Start of DATA IN THIS EXERCISE
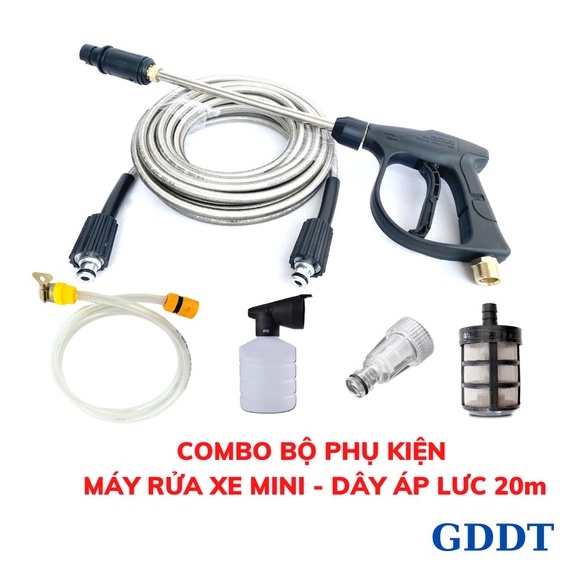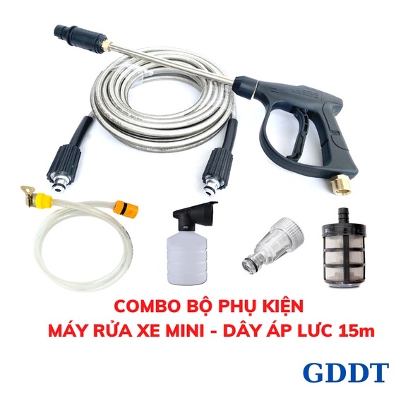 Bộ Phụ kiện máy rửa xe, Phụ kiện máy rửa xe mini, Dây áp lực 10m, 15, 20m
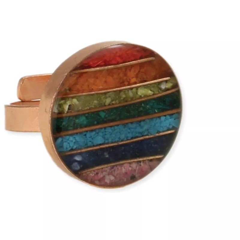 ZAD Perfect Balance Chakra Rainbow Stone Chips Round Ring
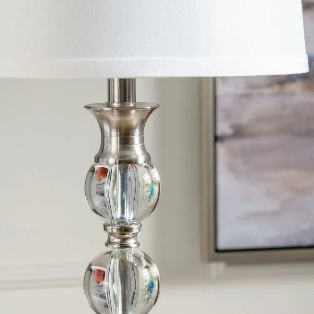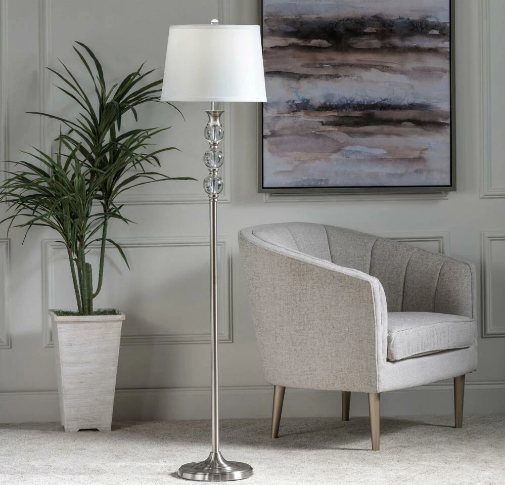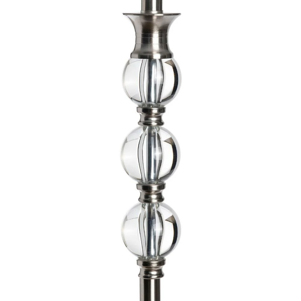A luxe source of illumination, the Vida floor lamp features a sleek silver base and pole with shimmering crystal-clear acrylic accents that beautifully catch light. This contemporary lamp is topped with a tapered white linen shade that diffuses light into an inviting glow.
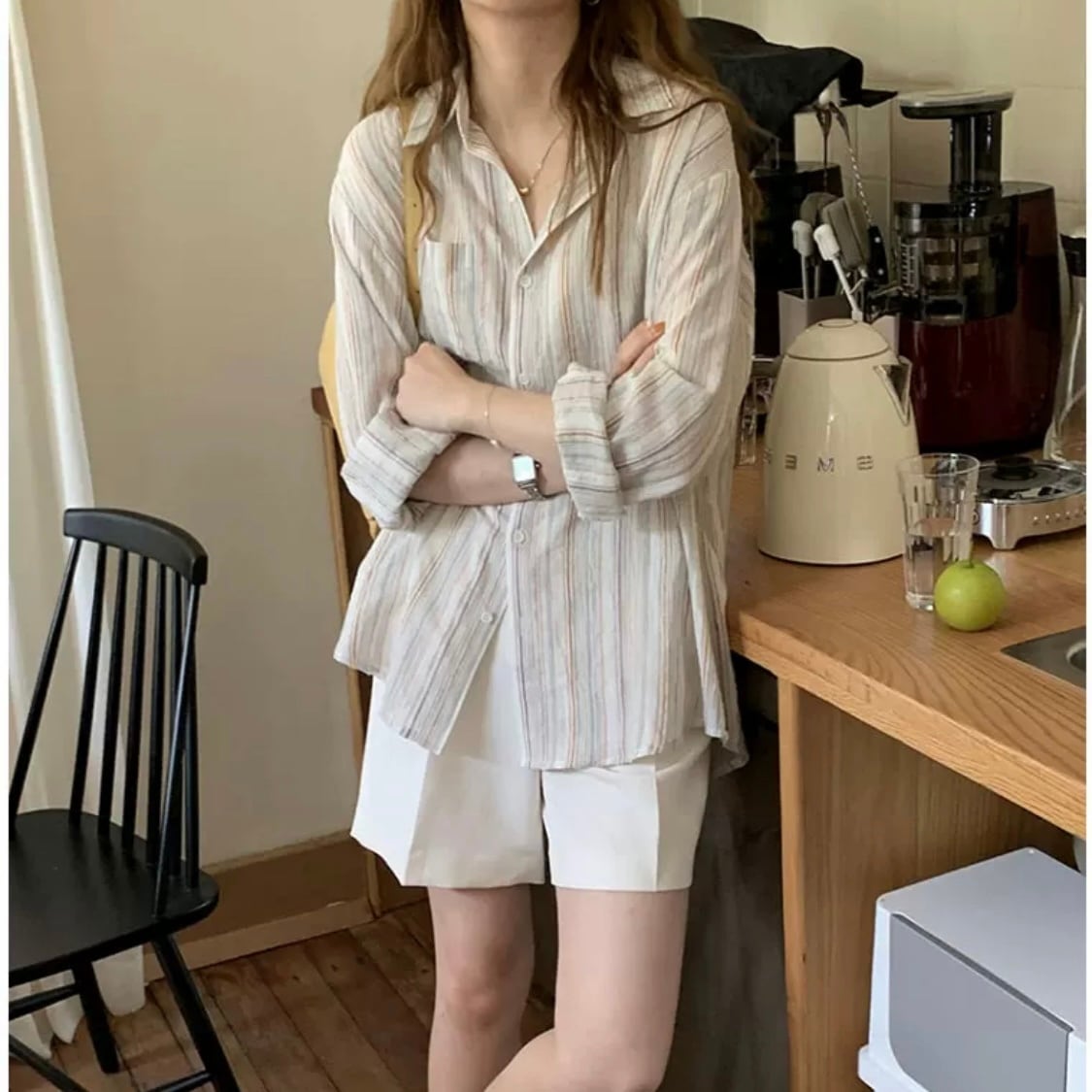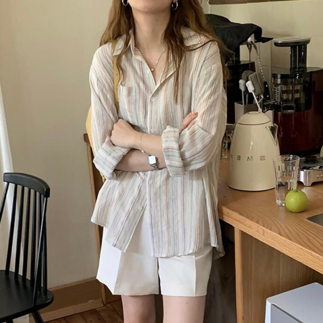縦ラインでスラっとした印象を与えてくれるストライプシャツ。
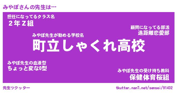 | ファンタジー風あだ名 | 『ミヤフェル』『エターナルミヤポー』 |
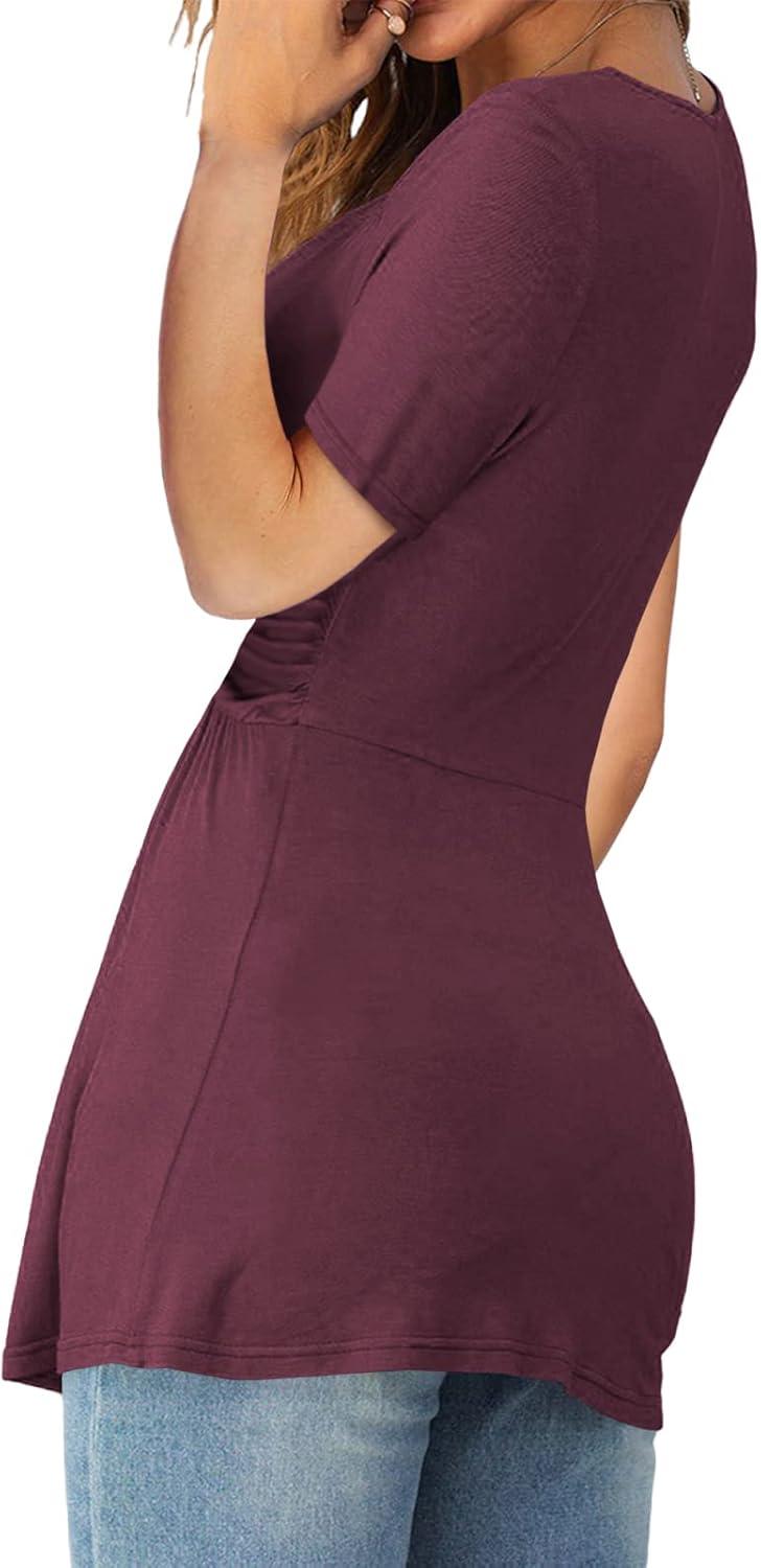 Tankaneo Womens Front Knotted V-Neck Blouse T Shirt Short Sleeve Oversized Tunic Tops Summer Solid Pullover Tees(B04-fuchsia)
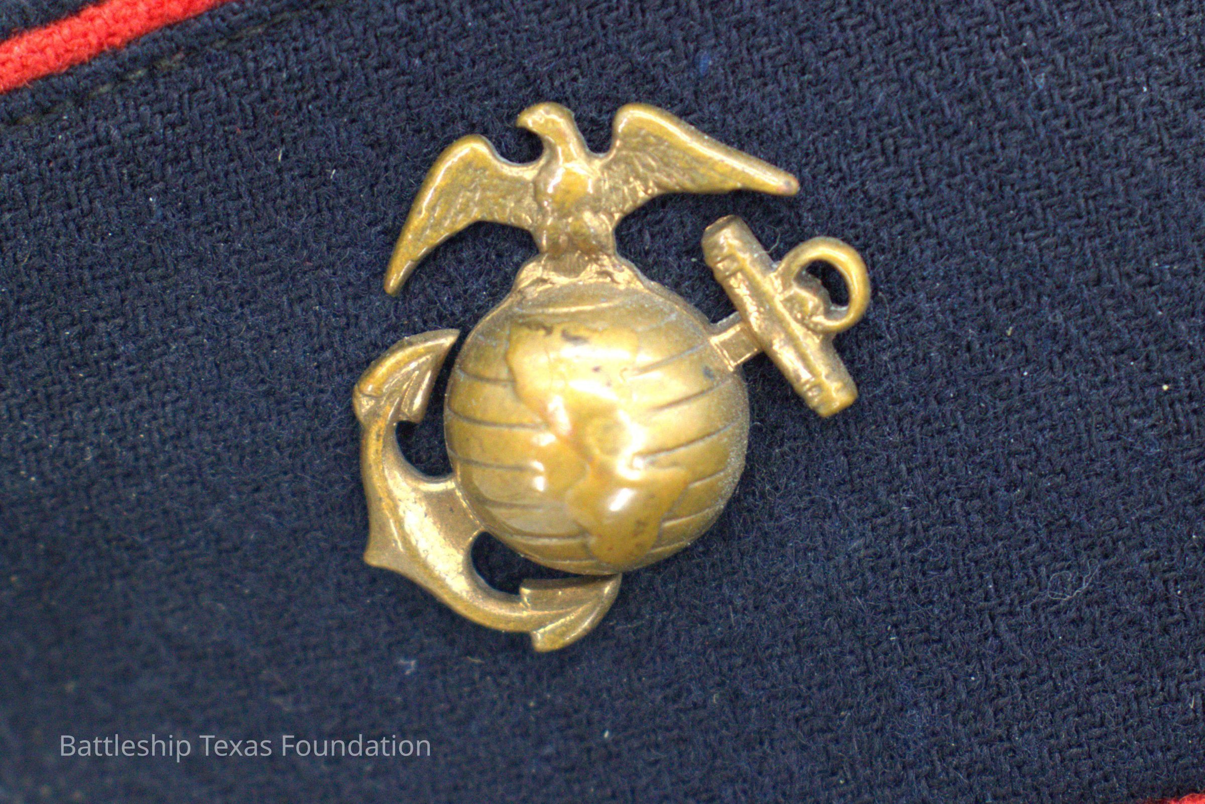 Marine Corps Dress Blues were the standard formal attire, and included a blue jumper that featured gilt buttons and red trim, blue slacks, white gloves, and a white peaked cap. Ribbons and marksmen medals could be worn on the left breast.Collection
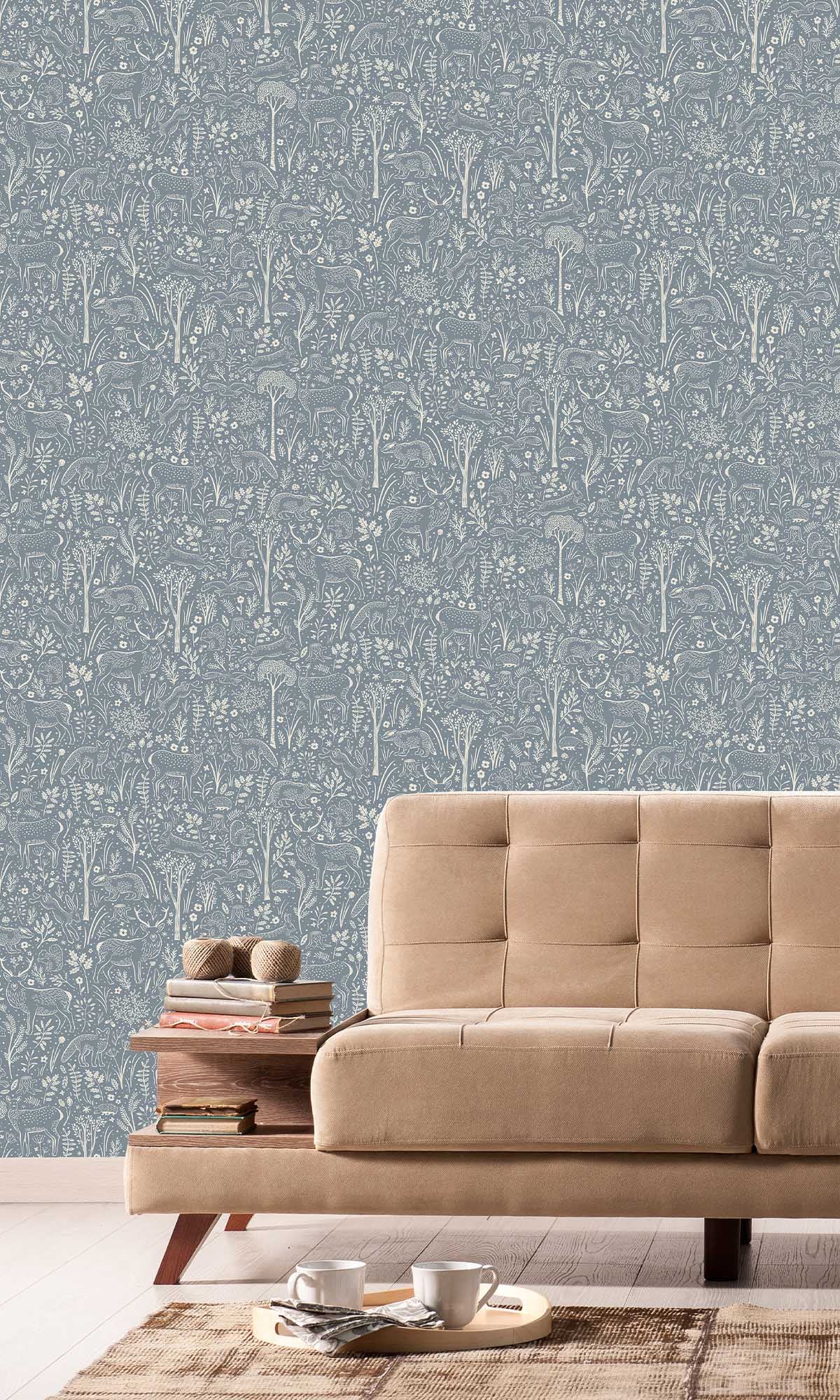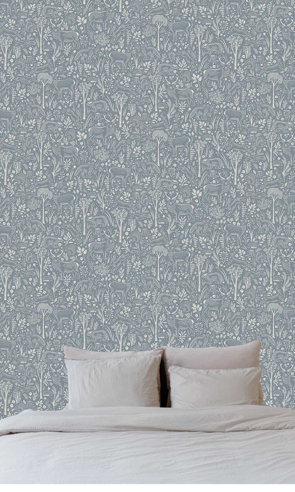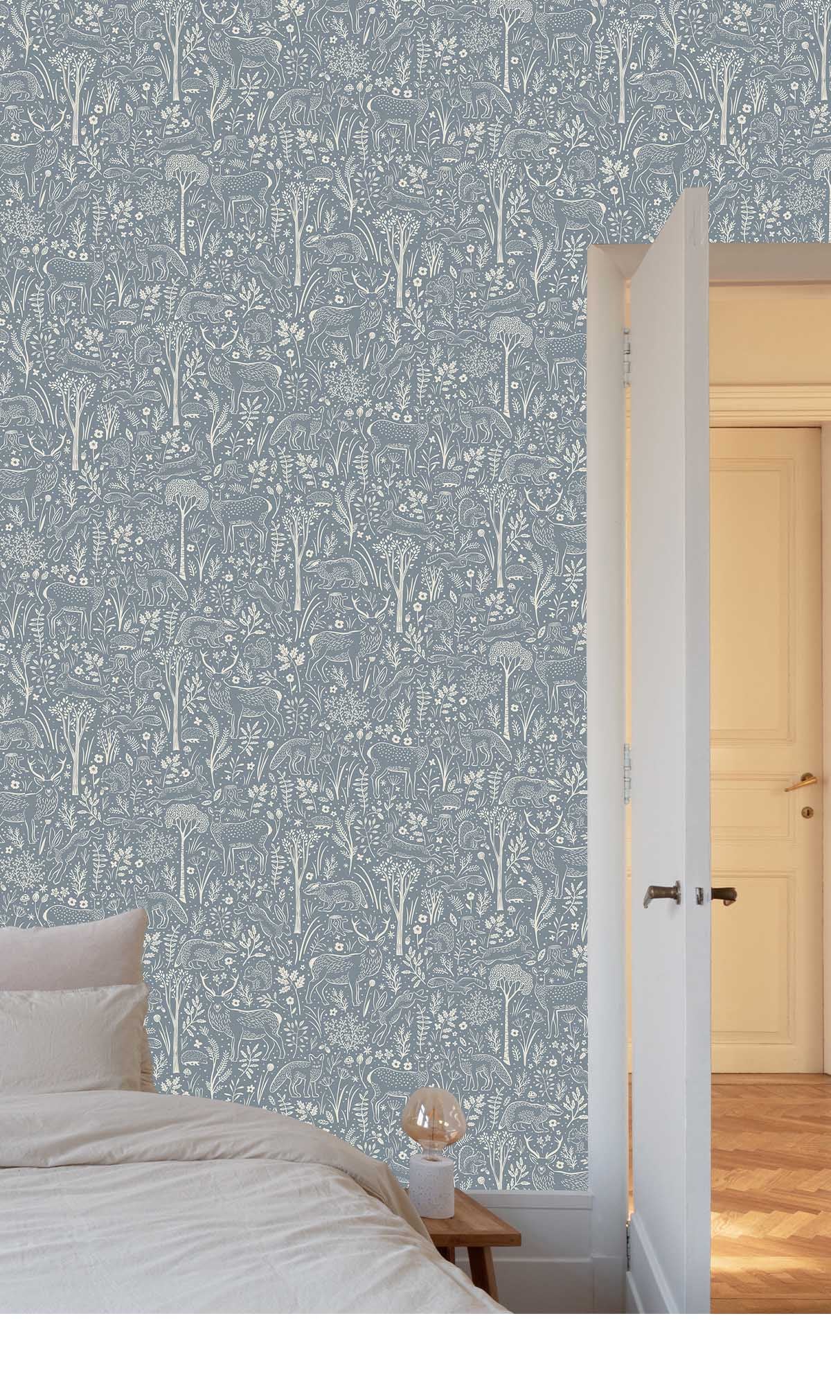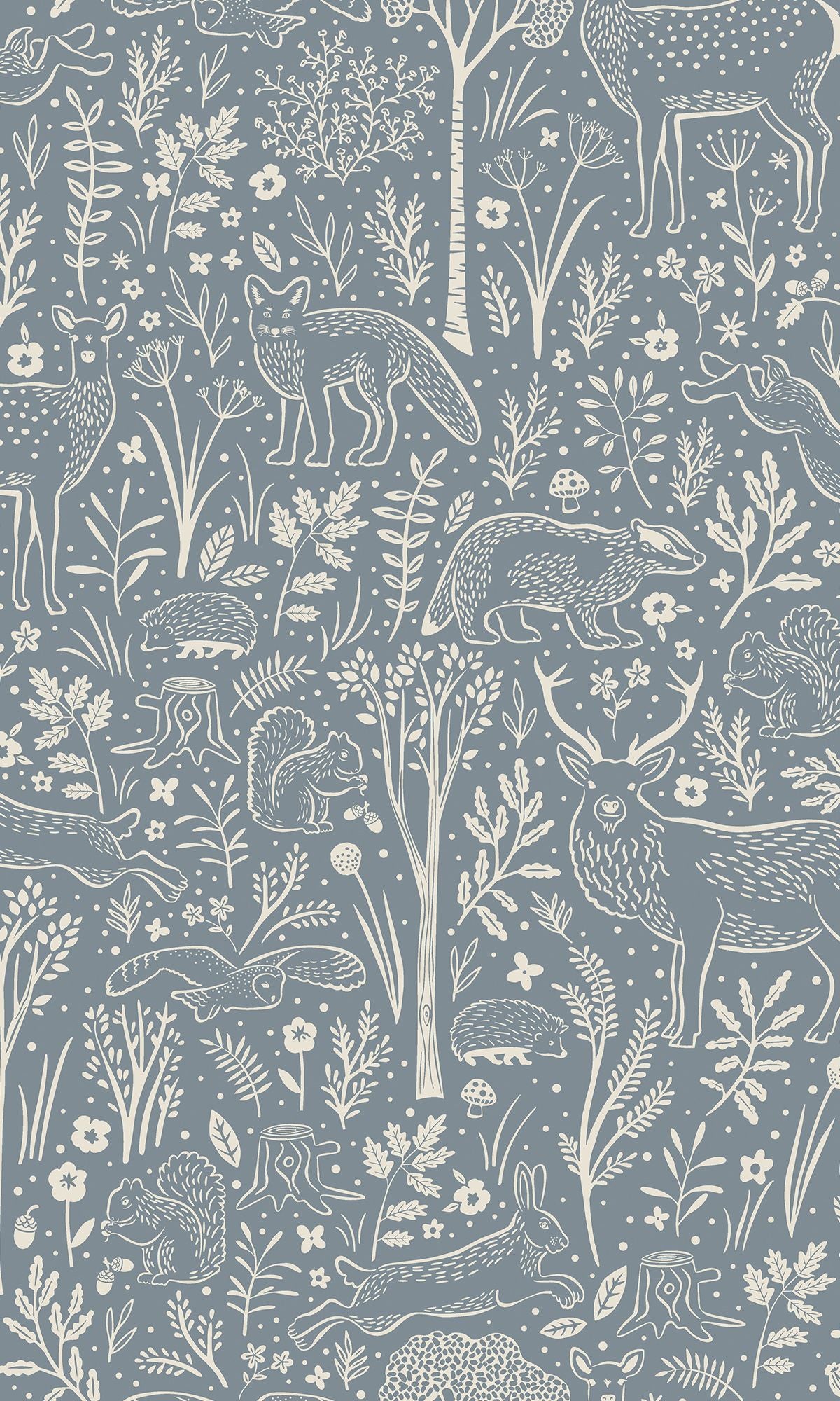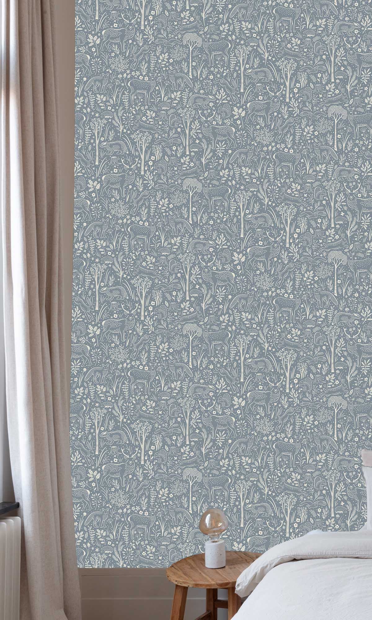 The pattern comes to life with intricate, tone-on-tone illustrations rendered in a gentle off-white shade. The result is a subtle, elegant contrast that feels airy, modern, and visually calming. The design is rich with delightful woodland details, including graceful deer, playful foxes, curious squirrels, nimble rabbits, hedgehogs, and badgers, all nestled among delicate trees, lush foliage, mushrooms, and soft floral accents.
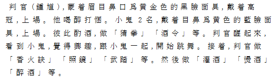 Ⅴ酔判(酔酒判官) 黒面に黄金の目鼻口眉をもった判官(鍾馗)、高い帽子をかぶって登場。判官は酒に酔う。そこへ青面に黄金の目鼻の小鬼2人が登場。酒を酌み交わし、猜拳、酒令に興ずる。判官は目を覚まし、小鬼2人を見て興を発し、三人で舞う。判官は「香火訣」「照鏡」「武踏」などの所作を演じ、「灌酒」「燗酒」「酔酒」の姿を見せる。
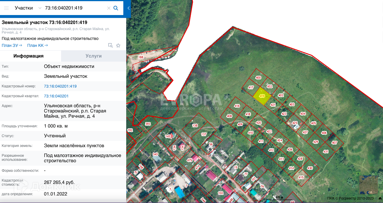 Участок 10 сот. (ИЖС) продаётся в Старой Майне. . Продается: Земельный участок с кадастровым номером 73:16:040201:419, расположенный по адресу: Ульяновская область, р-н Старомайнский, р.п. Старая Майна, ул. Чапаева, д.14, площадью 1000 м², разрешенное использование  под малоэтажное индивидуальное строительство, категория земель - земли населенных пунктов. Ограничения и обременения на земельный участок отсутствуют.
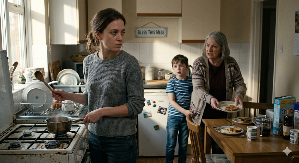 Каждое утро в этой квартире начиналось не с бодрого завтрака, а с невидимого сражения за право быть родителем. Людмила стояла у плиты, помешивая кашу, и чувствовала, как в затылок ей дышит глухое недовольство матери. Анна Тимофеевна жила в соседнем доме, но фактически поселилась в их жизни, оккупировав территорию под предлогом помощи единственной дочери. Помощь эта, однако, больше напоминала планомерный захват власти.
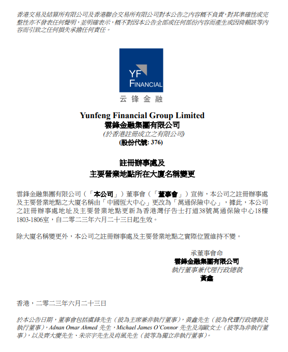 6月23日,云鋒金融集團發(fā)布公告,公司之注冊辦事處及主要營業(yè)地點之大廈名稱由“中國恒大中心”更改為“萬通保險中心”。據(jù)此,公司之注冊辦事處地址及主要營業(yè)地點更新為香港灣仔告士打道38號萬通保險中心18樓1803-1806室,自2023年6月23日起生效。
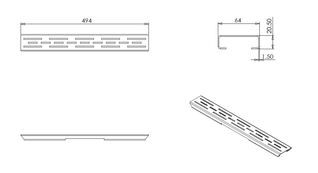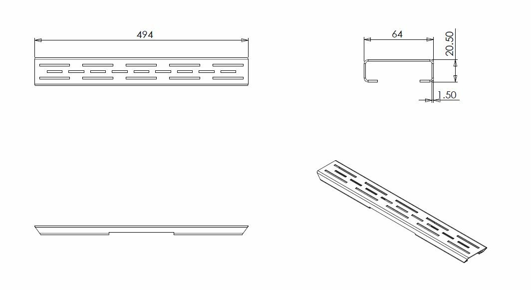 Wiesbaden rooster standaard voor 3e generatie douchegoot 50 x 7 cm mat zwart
End of DATA IN THIS EXERCISE
• ACTIVITY
Each line, from the beginning of the listing to the line bearing "Marine Corps Dress" inclusive, should be copied exactly; the pictures stay out.

• SOLUTION
 Bộ Phụ kiện máy rửa xe, Phụ kiện máy rửa xe mini, Dây áp lực 10m, 15, 20m
 ZAD Perfect Balance Chakra Rainbow Stone Chips Round Ring
A luxe source of illumination, the Vida floor lamp features a sleek silver base and pole with shimmering crystal-clear acrylic accents that beautifully catch light. This contemporary lamp is topped with a tapered white linen shade that diffuses light into an inviting glow.
縦ラインでスラっとした印象を与えてくれるストライプシャツ。
 | ファンタジー風あだ名 | 『ミヤフェル』『エターナルミヤポー』 |
 Tankaneo Womens Front Knotted V-Neck Blouse T Shirt Short Sleeve Oversized Tunic Tops Summer Solid Pullover Tees(B04-fuchsia)
 Marine Corps Dress Blues were the standard formal attire, and included a blue jumper that featured gilt buttons and red trim, blue slacks, white gloves, and a white peaked cap. Ribbons and marksmen medals could be worn on the left breast.Collection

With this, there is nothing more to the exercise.